Directions —
Find the line with "着痩せ 大好評 水泳 シンプル" in the entries below, then output every line from it down to the line with "Прибывшие из зарубежных", exactly and with no pictures.

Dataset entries
== Segment start ==
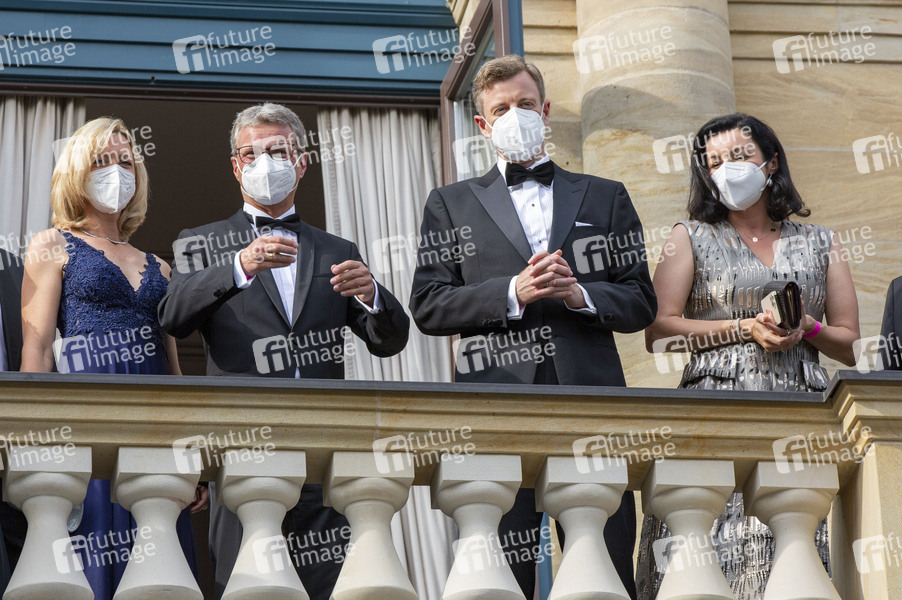 Bernd Sibler mit Ehefrau Michaela und Dorothee Bär mit Ehemann Oliver Bär bei der Eröffnung der Richard-Wagner-Festspiele 2021 mit der Premiere von Richard Wagners 'Der fliegende Holländer' im Bayreuther Festspielhaus. Bayreuth, 25.07.2021
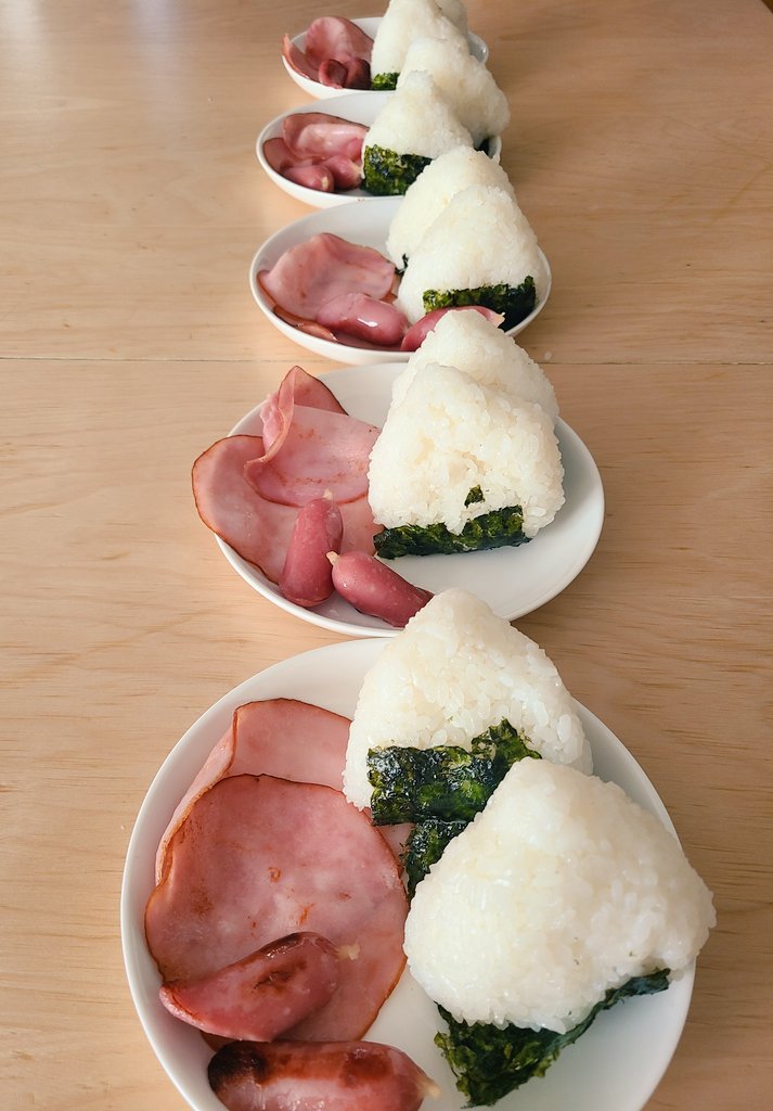 そこに収められているのは、テーブルの上に並べられた5皿分の朝食。2つのおにぎりの隣には、炒めたウインナーソーセージとハムが乗っていますね。
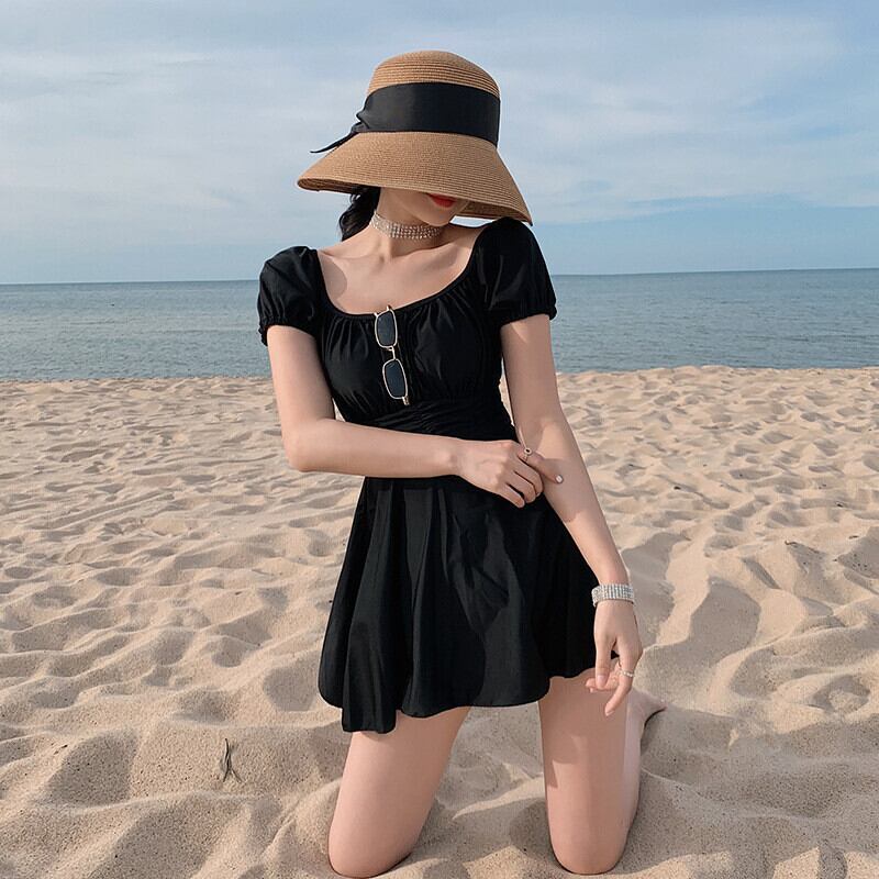着痩せ 大好評 水泳 シンプル 無地 ファッション ブラック ワンピース 水着47363073
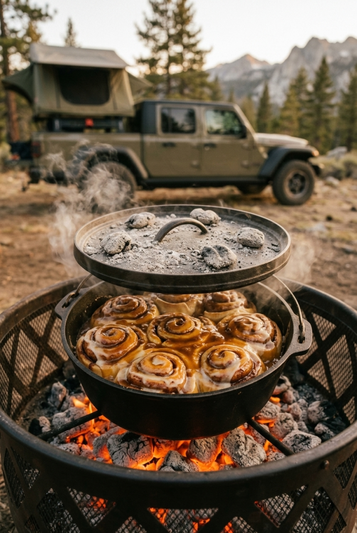 Dutch oven cinnamon rolls solve the weekend morale problem on day 2 or 3 of a trip. First, the smell alone wakes up the whole camp faster than a diesel fire-up. Second, a 10-inch Dutch oven on 19 top and 10 bottom briquettes holds 375F long enough to bake 8 jumbo rolls evenly. Third, the brown sugar and butter base caramelizes against the hot cast iron, yielding a sticky bottom layer competing head-on with any bakery roll.
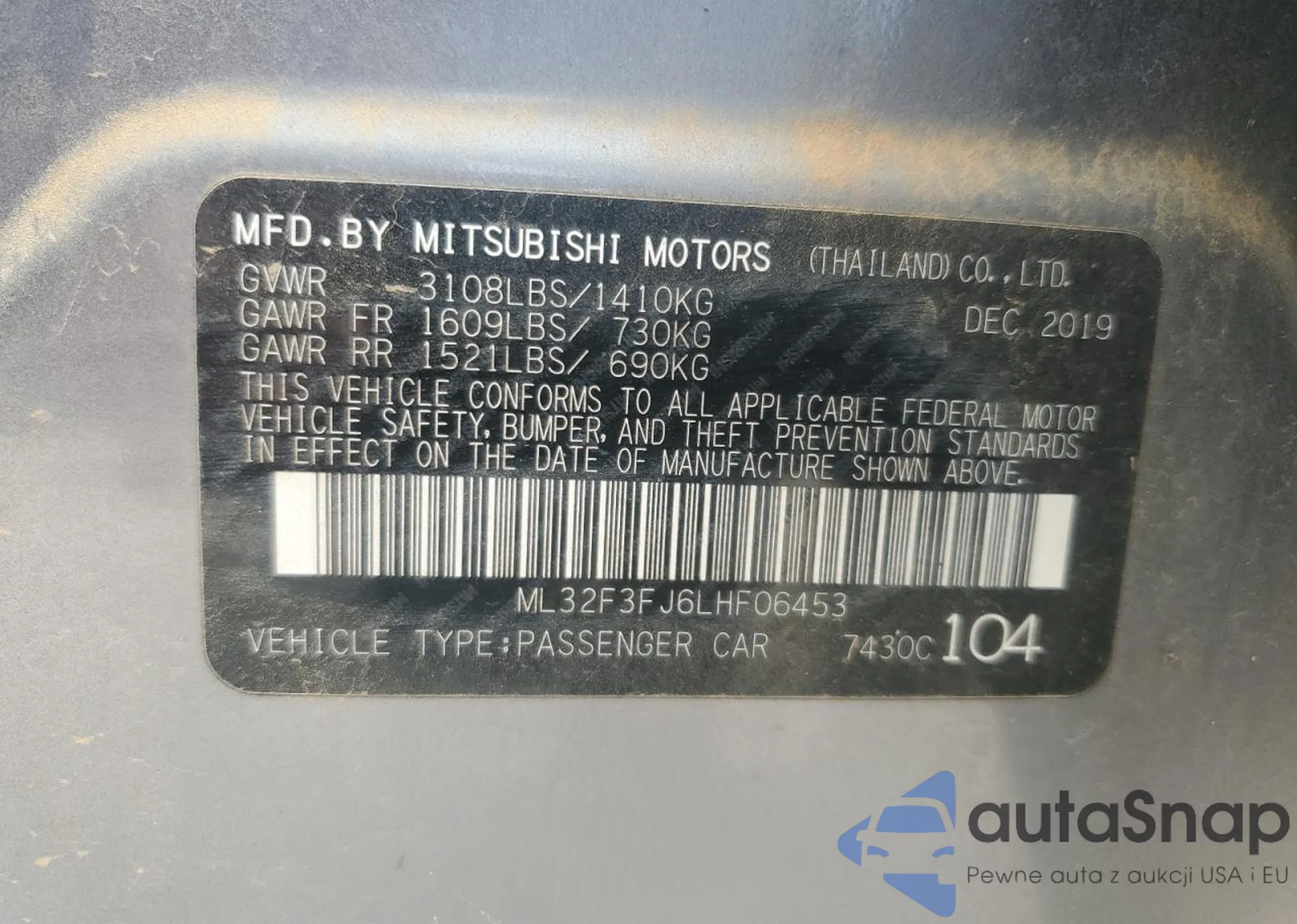 LOT: 81866545 VIN: ML32F3FJ6LHF06453
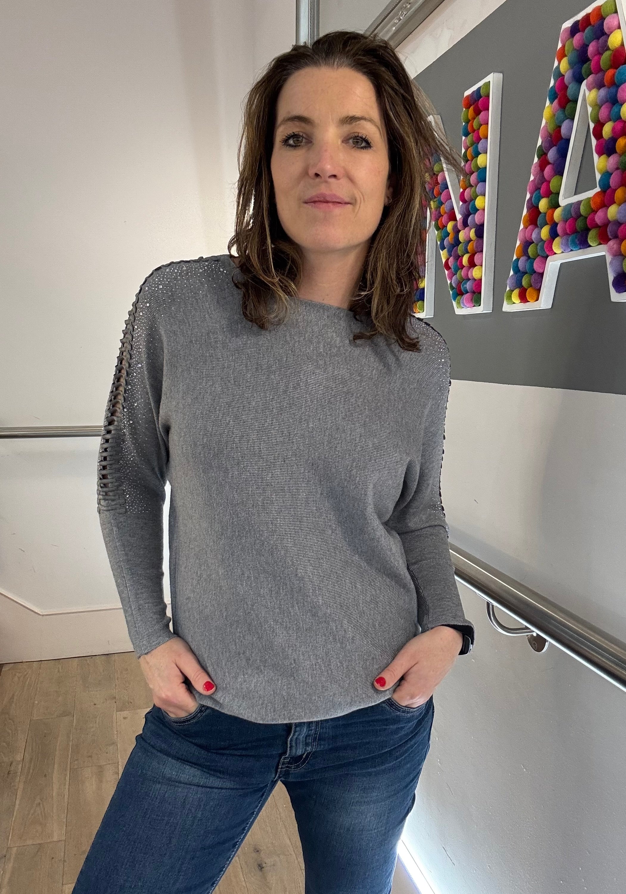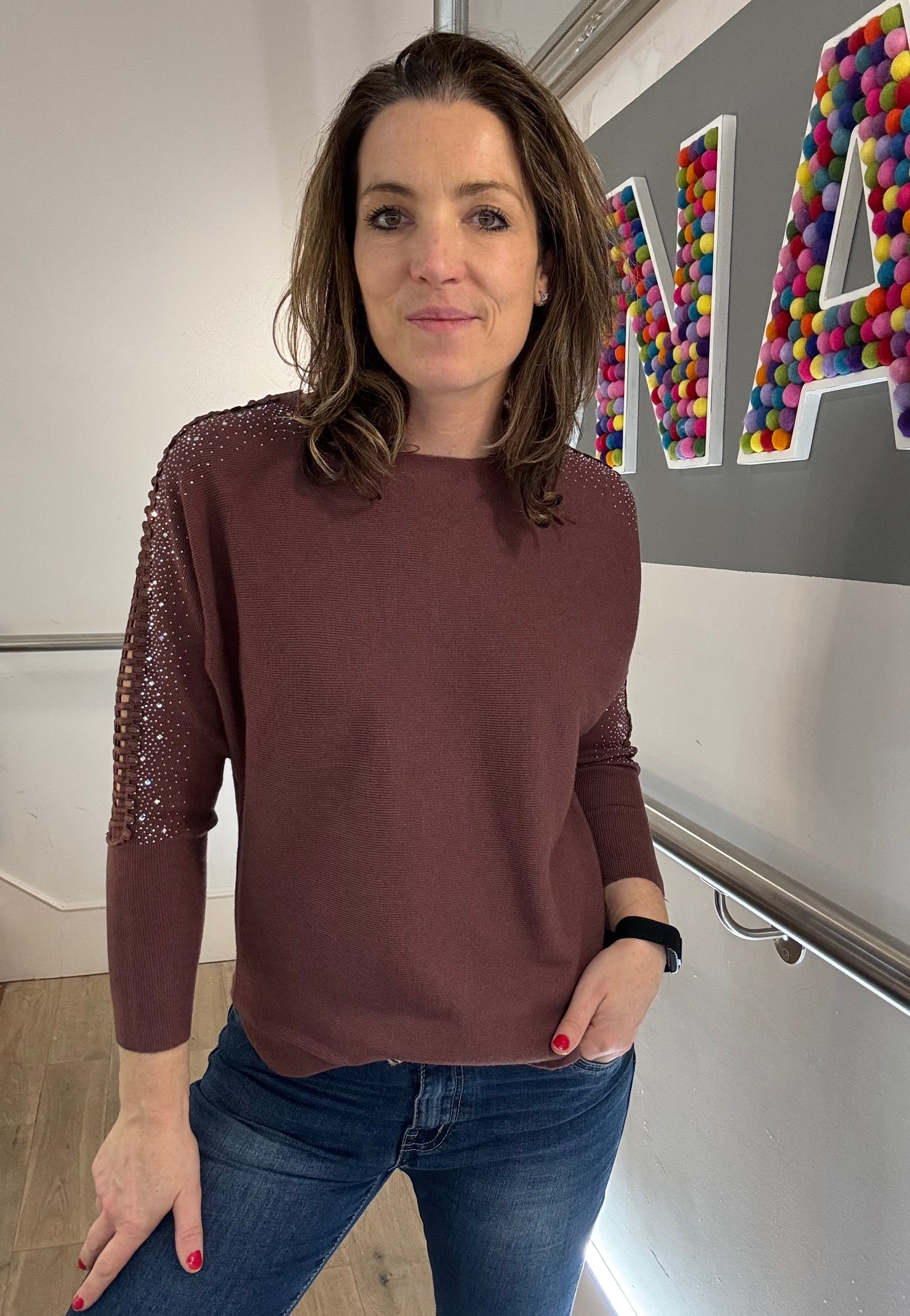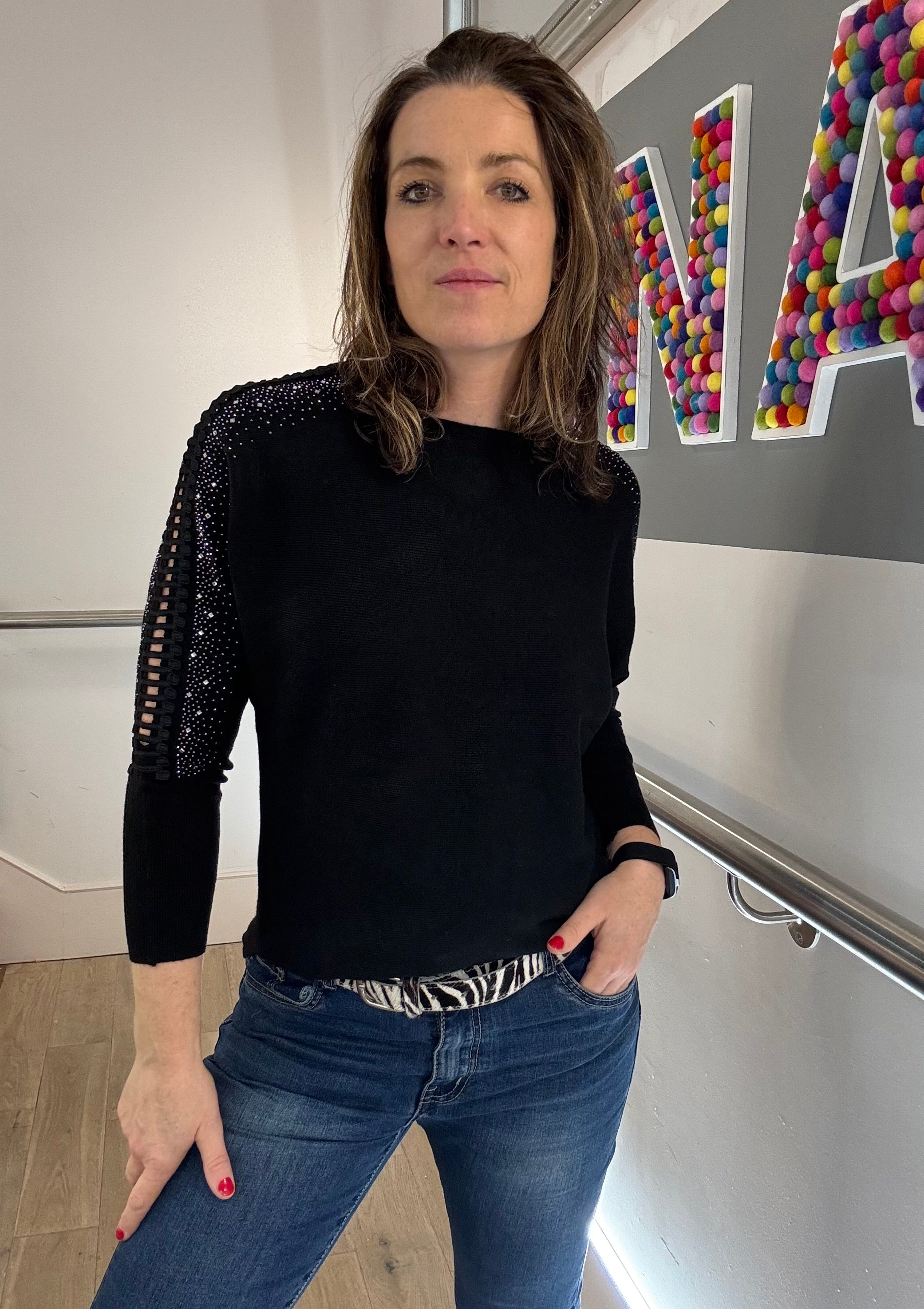 This elegant knit top features beautifully detailed ladder detail on the sleeve, accented with shimmering embellishments that add a touch of sparkle. Designed with a round neckline and relaxed fit, it blends comfort with statement style, perfect for both casual chic and evening wear.
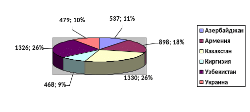 Прибывшие из зарубежных стран в 2001 г. (чел., %)
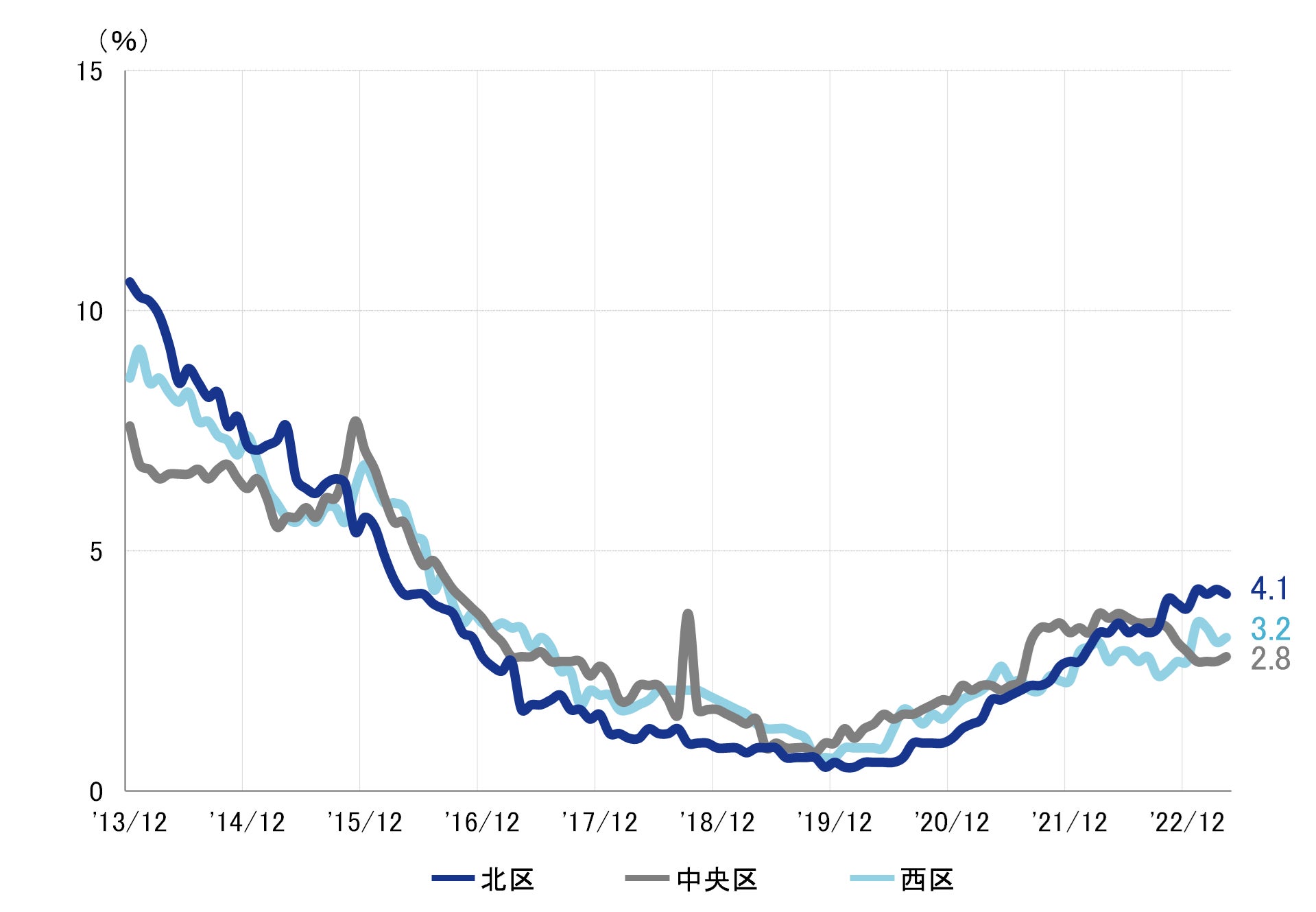 大規模ビル 主要3区 空室率:「北区」4%前後で推移
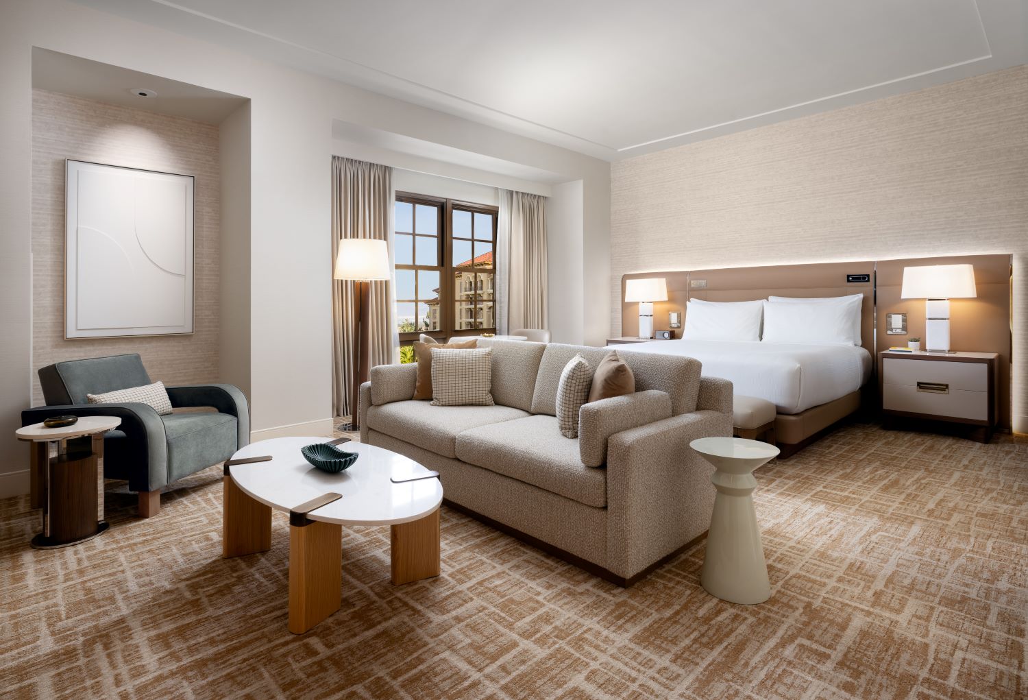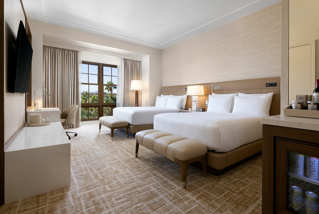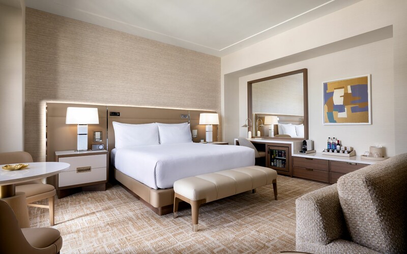 The 162 guestrooms and 37 suites of the West Tower blend warmth with refined detailing, offering guests a pied-à-terre inspired by European craftsmanship. Resort king, resort queen, and resort king with patio rooms span 495 square feet, while executive king, executive queen, and patio-equipped suites range up to 715 square feet.
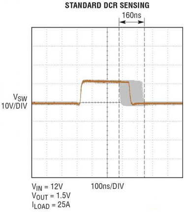 獨(dú)特的設(shè)計(jì)提高了效率以及噪聲靈敏度。在采用非常低的 0.32m? 電感器 DCR 時(shí),最差情況的開關(guān)節(jié)點(diǎn)抖動(dòng)減輕了 60%,如圖 5 所示。
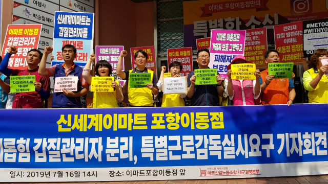 개정된 근로기준법인 이른바 '직장 내 괴롭힘 금지법'이 16일 시행된 가운데, 신세계 이마트 포항이동점 계산대 직원들이 상사로부터 지속적으로 괴롭힘을 당했다며 고용노동부 포항지청에 진정서를 제출하고 조사를 촉구했다.
== Segment end ==
Answer box —
着痩せ 大好評 水泳 シンプル 無地 ファッション ブラック ワンピース 水着47363073
 Dutch oven cinnamon rolls solve the weekend morale problem on day 2 or 3 of a trip. First, the smell alone wakes up the whole camp faster than a diesel fire-up. Second, a 10-inch Dutch oven on 19 top and 10 bottom briquettes holds 375F long enough to bake 8 jumbo rolls evenly. Third, the brown sugar and butter base caramelizes against the hot cast iron, yielding a sticky bottom layer competing head-on with any bakery roll.
 LOT: 81866545 VIN: ML32F3FJ6LHF06453
 This elegant knit top features beautifully detailed ladder detail on the sleeve, accented with shimmering embellishments that add a touch of sparkle. Designed with a round neckline and relaxed fit, it blends comfort with statement style, perfect for both casual chic and evening wear.
 Прибывшие из зарубежных стран в 2001 г. (чел., %)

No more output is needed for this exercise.